The above picture is of part of a Crosbysaurus tooth from one of our sites at Comb Ridge. It shows denticles, the pointed cutting parts on the distal edge (or carina) of the tooth. Each of the pyramid-shaped structures has smaller bumps on them - these are the accessory denticles. This picture is in labial view.

Crosbysaurus tooth. Scale distance = 1 mm.

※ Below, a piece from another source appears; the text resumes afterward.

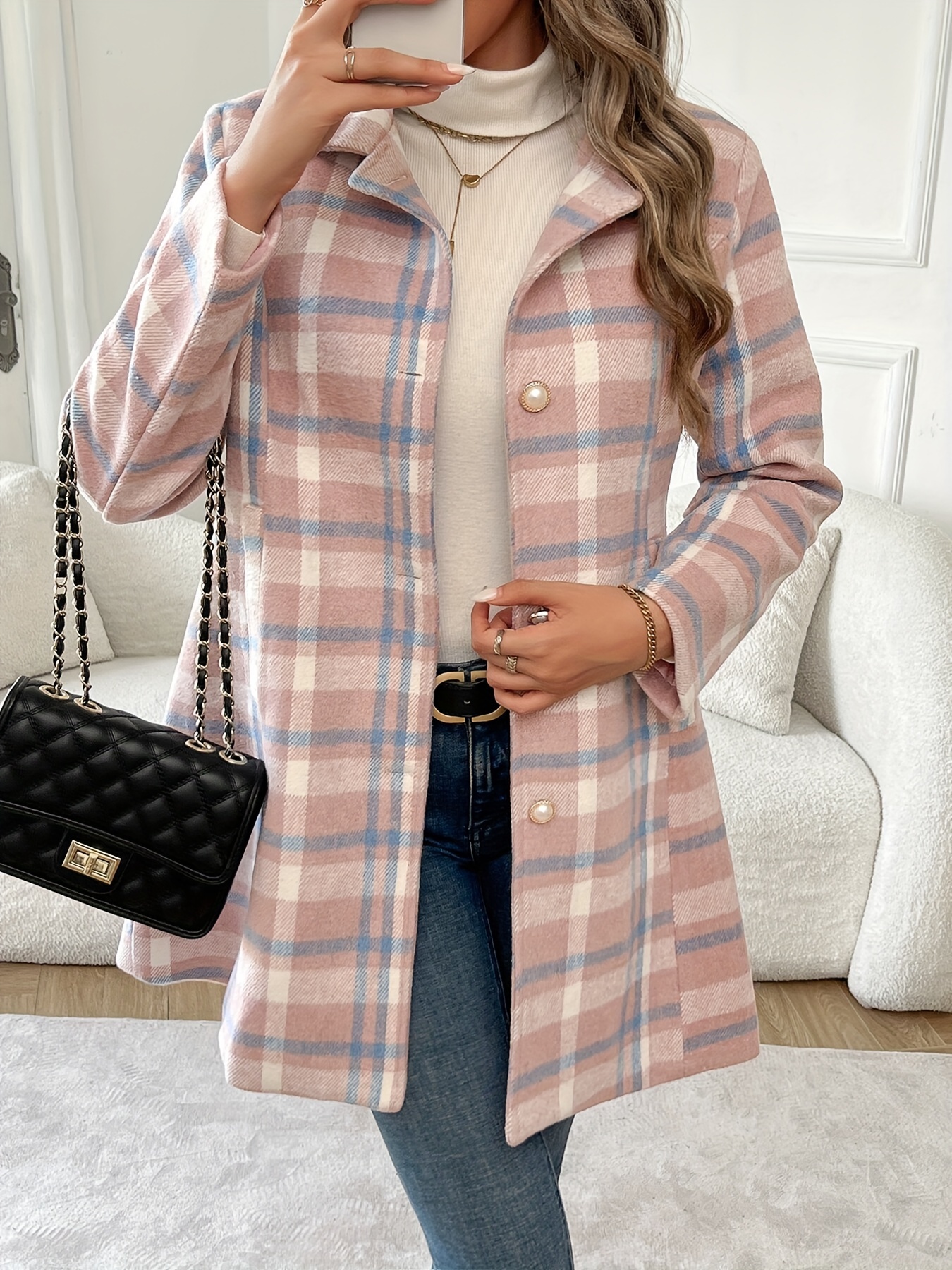 Single-Breasted Label Neck Blazer, Elegant Long Sleeve Blazer For Office & Work, Women’s Clothing

Here is another view of the same tooth. Here we are looking at the tooth in mesial view with the apex on the right and the base on the left. You can see a resorption pit at the base - it looks like the tooth is hollow. You can notice that this tooth is laterally compressed - it is much narrower than it is tall.

Archosauriform tooth. Scale distance = 1 mm.

Last example. Here is an archosauriform tooth in basal view. The front of the mouth, or mesial side, would be towards the right while the back of the mouth, or distal side, is to the left. You can see in this view that the tooth is asymmetrical - the labial and lingual sides are not equal. This picture also gives a decent view of the resorption pit located in the middle of the base here. That tells us that this is a shed tooth crown.

Thanks for making it through this! I know there were a lot of terms but I promise they will come in handy for many of my future posts. And now you can impress your dentist with your knowledge of dental terminology! The paleontology of teeth (Odontology) is not just for mammal paleontologists. All of this work with microfossils and Triassic teeth has certainly given me a new appreciation of how important these little things can be and what they can tell us about an ecosystem. Just what specifically can they tell us? That sounds like another blog post in its own right.